- First light novel volume cover

不運からの最強男 (Fuun Kara no Saikyō Otoko)
- Genre: Isekai
- Written by: Fukufuku
- Published by: Shōsetsuka ni Narō
- Original run: 2017 – 2020

Revised version
- Written by: Fukufuku
- Published by: Shōsetsuka ni Narō
- Original run: November 5, 2020 – present
- Written by: Fukufuku
- Illustrated by: Zun Nakabayashi
- Published by: Starts Publishing
- Imprint: Grast Novels
- Original run: March 25, 2022 – present
- Volumes: 4
- Written by: Fukufuku
- Illustrated by: Zun Nakabayashi
- Published by: Starts Publishing
- English publisher: NA: MangaPlaza;
- Imprint: Grast Comics
- Magazine: Comic Grast
- Original run: October 22, 2021 – present
- Volumes: 9
- Directed by: Shigetaka Ikeda
- Written by: Aki Mizuki
- Studio: East Fish Studio
- Original run: 2027 – scheduled
- Anime and manga portal

= The Strongest Man, Born from Misfortune =

Japanese light novel series

The Strongest Man, Born from Misfortune (不運からの最強男, Fuun Kara no Saikyō Otoko) is a Japanese light novel series written by Fukufuku and illustrated by Zun Nakabayashi. The series was originally posted as a web novel in 2017 on the online publishing platform Shōsetsuka ni Narō, with a revised version starting serialization in November 2020. Starts Publishing began releasing it as a light novel under its Grast Novels imprint in March 2022; four volumes have been released as of March 2025. A manga adaptation illustrated by Nakabayashi began serialization in Starts Publishing's online magazine Comic Grast in October 2021, and has been compiled into nine volumes as of June 2026. An anime television series adaptation produced by East Fish Studio is set to premiere in 2027.

==Plot==
The series follows a man who suffered from bad luck in a previous life. After losing his life in an accident after trying to retrieve his stolen bag from a thief, he is offered a chance to be reincarnated in another world. He is reborn as Siegbert, a baby who is born to a warm and loving family and is blessed with good luck. As he grows older, he vows to protect his family, wanting to thank them for the love and care they showed him, while also trying to avoid suffering the same bad luck as he did in his past life.

==Characters==
- Siegbert (ジークベルト, Jīkuberuto)
- Gert (ゲルト, Geruto)

==Media==
===Light novel===
The series was originally posted by Fukufuku as a web novel on the online publishing platform Shōsetsuka ni Narō in 2017. They later deleted the original version and started serializing a revised version on November 5, 2020. Starts Publishing later began publishing it as a light novel under its Grast Novels imprint featuring illustrations by Zun Nakabayashi on March 25, 2022; four volumes have been released as of March 2025.

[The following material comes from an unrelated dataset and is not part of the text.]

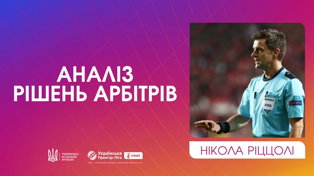 Комітет арбітрів Української асоціації футболу спільно з консультантом з арбітражу Ніколою Ріццолі пояснив тлумачення окремих ігрових епізодів матчів 23-го туру чемпіонату України сезону 2025/2026.

| No. | Japanese release date | Japanese ISBN |
|---|---|---|
| 1 | March 25, 2022 | 978-4-81-379132-4 |
| 2 | December 22, 2022 | 978-4-81-379196-6 |
| 3 | March 22, 2024 | 978-4-81-379316-8 |
| 4 | March 28, 2025 | 978-4-81-379436-3 |

===Manga===
A manga adaptation illustrated by Nakabayashi began serialization in Starts Publishing's online magazine Comic Grast on October 22, 2021. It has been compiled into nine tankōbon volumes as of June 2026. The manga is published in English on NTT Solmare's MangaPlaza website.

| No. | Japanese release date | Japanese ISBN |
|---|---|---|
| 1 | March 25, 2022 | 978-4-81-376099-3 |
| 2 | September 22, 2022 | 978-4-81-376132-7 |
| 3 | March 23, 2023 | 978-4-81-376177-8 |
| 4 | September 22, 2023 | 978-4-81-376229-4 |
| 5 | March 22, 2024 | 978-4-81-376296-6 |
| 6 | September 27, 2024 | 978-4-81-376359-8 |
| 7 | March 28, 2025 | 978-4-81-376426-7 |
| 8 | September 26, 2025 | 978-4-81-376497-7 |
| 9 | March 27, 2026 (ebook) June 26, 2026 (print) | 978-4-81-376621-6 |

===Anime===
An anime television series adaptation was announced on September 16, 2025. It will be produced by East Fish Studio and directed by Shigetaka Ikeda, with the series composition and screenplays handled by Aki Mizuki, and characters designed by Yumiko Hara and Yūki Nagata. The series is set to premiere in 2027.

==Reception==
By September 2025, the series had over 1.5 million copies in circulation.